The Day One Tweet Changed Everything

Sometimes, my Facebook account surprises me. Today, it reminded me of a traumatic event I had tried hard to forget. But I had also forgotten how much good came from it. And all because of one tweet.

Three years ago today, on US Thanksgiving, I was robbed in the security line at LAX. My purse was spirited away in seconds, by someone who just as quickly disappeared into the crowd and was never seen again.

As usual, I had requested a wheelchair and an attendant to escort me through security. Their role is to help get me through the line, assist me in getting my belongings scanned and collected at the other end, and then get me to my gate. I usually have a decent experience – but not this time.

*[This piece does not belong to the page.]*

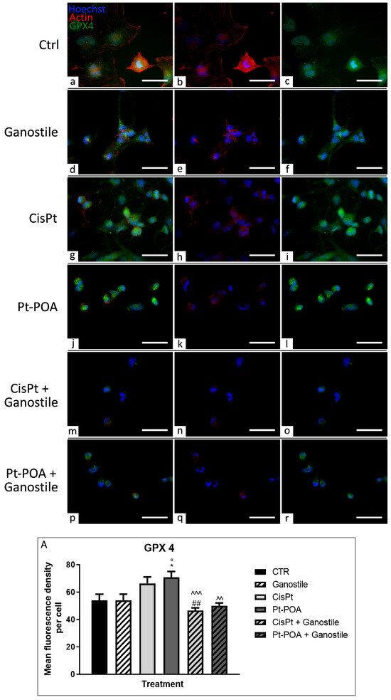 Double immunolabeling for GPX4 (in green) and actin (in red) in controls (a–c) and differently treated U251 cells, i.e., after 48hr-CT using Ganostile 5 mg/mL (d–f), Cisplatin 40 μM (g–i), Pt(IV)Ac-POA 10 μM (j–l), Cisplatin + Ganostile (m–o), or Pt(IV)Ac-POA + Ganostile (p–r). DNA was stained with Hoechst 33258 (blue fluorescence). Magnification 40×; scale bar: 50 μm. (Panel A) Histogram showing the GPX4 mean fluorescence intensity per cell (OD) in control and differently treated cells. * control vs. each experimental condition; ° Ganostile vs. other treatments; # Cisplatin vs. any combined treatment; ^ Pt(IV)Ac-POA vs. each combined treatment.
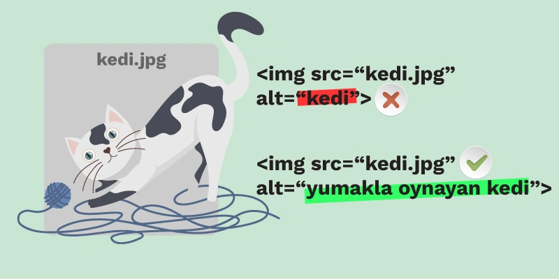Görselin ve hatta web sayfasının ne ile alakalı olduğunu botlara gösteren SEO sinyallerinden birisi de Alt etiketidir. Sitede bulunan her görselin mutlaka bu etiketle desteklenmesi gerekir.

This attendent in LAX didn’t know how to escort a blind person through security, was rude, and worse, actually pushed me and the wheelchair into a cart of plastic bins to get them out of his way. I was appalled. Then, he chose not to stay by me when I was retrieving my belongings – instead, he yelled at me to hurry up and get back into the wheelchair because he “wanted to go home”. I guess he had a turkey dinner waiting for him.

Well, in my haste and confusion and with no assistance, my purse was stolen right off the line. My iPhone, iPod Touch, Surefire flashlight, wallet, cards, keys, sunglasses and my specially made reading glasses, all gone in a matter of seconds. Thankfully, they did NOT get my passport.

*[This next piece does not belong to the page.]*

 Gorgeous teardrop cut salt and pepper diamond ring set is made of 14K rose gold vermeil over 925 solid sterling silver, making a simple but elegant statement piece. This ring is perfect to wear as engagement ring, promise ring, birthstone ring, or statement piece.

I was scared, devastated, crying, and helpless – and at the mercy of a negligent attendant who wanted nothing else but to go home on a Thanksgiving afternoon. I had no idea what to do.

But suddenly, happily, things began to turn around.

A very kind attendant relieved my surly guy, who apparently did go home. She then got her supervisor involved. Her name was Diane, she was an angel, and she ROCKED. She first apologized for her employee’s attitude and neglect. And in a kind act that astounded me, Diane reached into her purse and handed me $10. I KNEW she didn’t have that much money, and it was a big sacrifice on her part.

But the most important thing Diane did that day was letting me use her cell phone so I could do the best and most expedient thing I could think of. I sent out one desperate tweet about my predicament.

That tweet got the attention of friends and acquaintances, who offered help and moral support. My dear friends Lorraine and IdaRose sprang into action. Lorraine managed to cancel bank and credit cards, while IdaRose and her husband Neil arranged a cab (actually a white limo!) to pick me up at the airport to take me to their annual Thanksgiving feast. I was wined and dined and hugged many times that evening by a crowd of very supportive people, got to hang out with friends I love, and even had a night at a nearby hotel paid for so I could rest and recover from the day.

THAT is what I was thankful for on that Thanksgiving Day – and what I recall today with tears in my eyes.

Things are just things, life has its scary moments and hard times, but it’s people, in person and online, those in hugging distance, and those who offer them from afar, that make life worthwhile. 

Thanks again Diane, for making me feel I mattered when all I felt was lost. Thanks, Lorraine, IdaRose, and Neil, for being there when I needed you the most. Thanks to everyone who saw my tweet, tweeted, retweeted, and made my heart sing. Thanks also to my dear friends Dick (who left us this year) and Barbara, who have always given me a place to call home. I will never forget your love and support. And I’ll always try to pay it forward.